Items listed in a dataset
*****

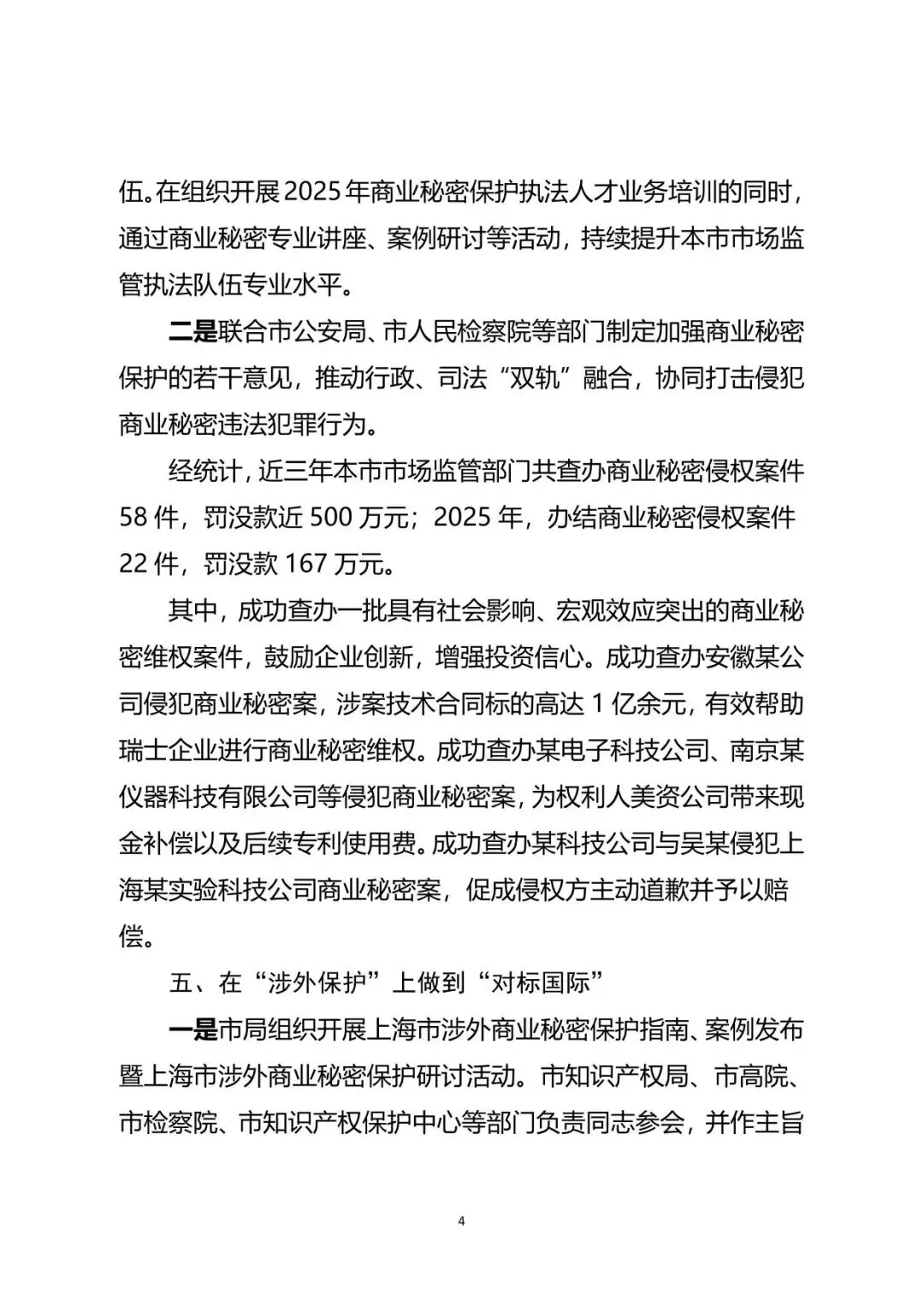 执法维权是保护商业秘密的关键防线。上海建立了专业的市级商业秘密执法人才队伍,并推动行政与司法保护双轨融合。近三年,全市市场监管部门共查办商业秘密侵权案件58件,罚没款近500万元;仅2025年就办结22件,罚没款167万元。成功查处了一批具有社会影响力的典型案件,例如帮助瑞士企业维权的安徽某公司案、为美资权利人争取到补偿的某电子科技公司案等,有效维护了权利人合法权益,增强了企业的创新信心和投资安全感。
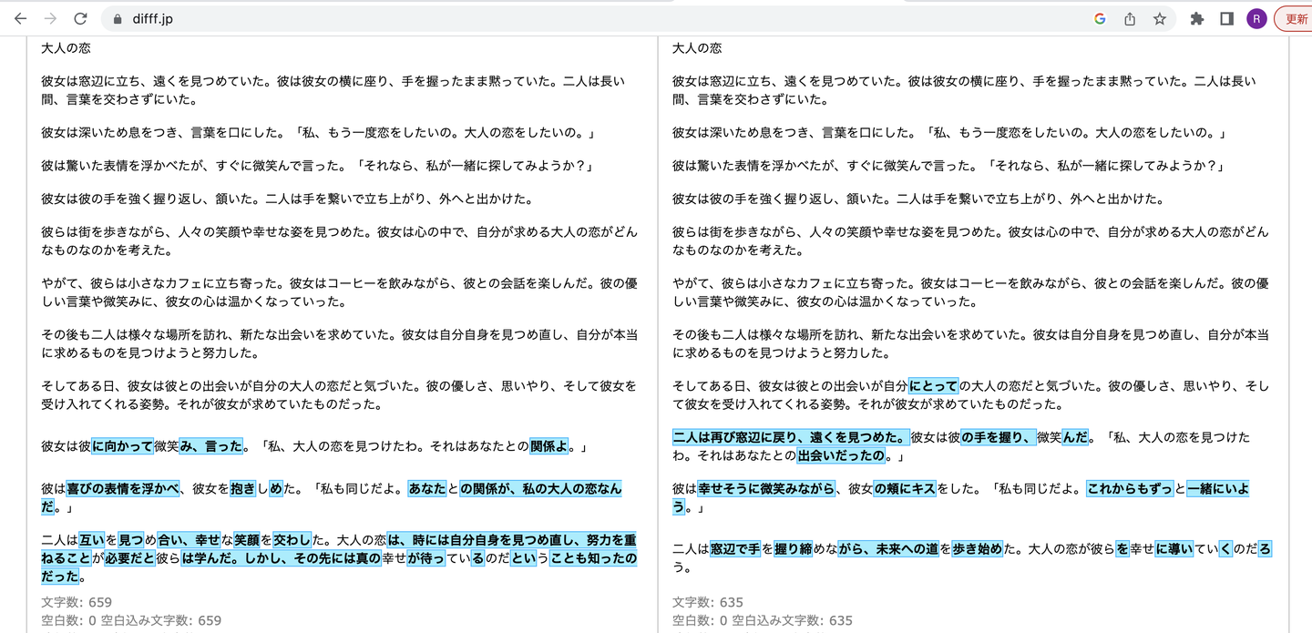中盤まで全く同じ文章が出力されていることが一目でわかりますね!
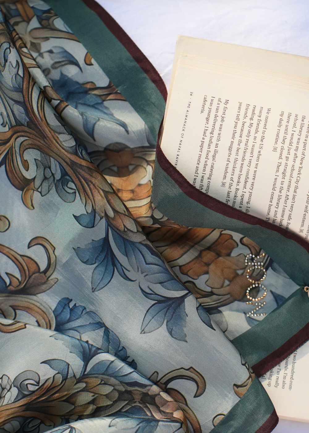 Drape yourself in opulence and artistry with our exquisitely crafted silk scarf, a tribute to the grandeur of Baroque elegance. A mesmerizing symphony of Olive Green unfolds across lustrous silk, reminiscent of the rich tapestries from a bygone era. The intricate scrollwork and ornate motifs whisper tales of regal splendor, making it a timeless accessory for the modern muse.
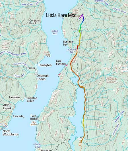 Despite the official name, this “peak” is rather just a pimple on the western flanks of “Dilly Dally Peak” that overlooks Indian Arm. A trail runs all the way to the summit but the view is very limited. There’s a “Croker Lookout” just below the summit but the true summit is completely forested. This objective is usually done as part of the “Dilly Dally Loop” that combines 5 peaks in one trip, but since the area is very accessible and close to home, I was not particularly stubborn at bagging these peaks in one trip. The hike around Buntzen Lake is decently scenic such that it’s worth to visit more than one time. Little Horn Mountain is the farthest but also the lowest of these peaks. Although the elevation gain is tame, the close-to-18 km round trip distance does make this feel like a slog, especially considering the lack of views.
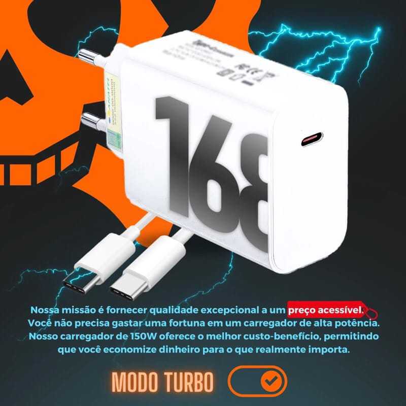 Carregador 168W com Cabo Tipo C 6A Carga Rápida Power

*****

**Task prompt:** Write out a verbatim copy of the lines from the line that contains "Despite the official" through the end of the entries above; pictures are not copied.

**Task solution:**
 Despite the official name, this “peak” is rather just a pimple on the western flanks of “Dilly Dally Peak” that overlooks Indian Arm. A trail runs all the way to the summit but the view is very limited. There’s a “Croker Lookout” just below the summit but the true summit is completely forested. This objective is usually done as part of the “Dilly Dally Loop” that combines 5 peaks in one trip, but since the area is very accessible and close to home, I was not particularly stubborn at bagging these peaks in one trip. The hike around Buntzen Lake is decently scenic such that it’s worth to visit more than one time. Little Horn Mountain is the farthest but also the lowest of these peaks. Although the elevation gain is tame, the close-to-18 km round trip distance does make this feel like a slog, especially considering the lack of views.
 Carregador 168W com Cabo Tipo C 6A Carga Rápida Power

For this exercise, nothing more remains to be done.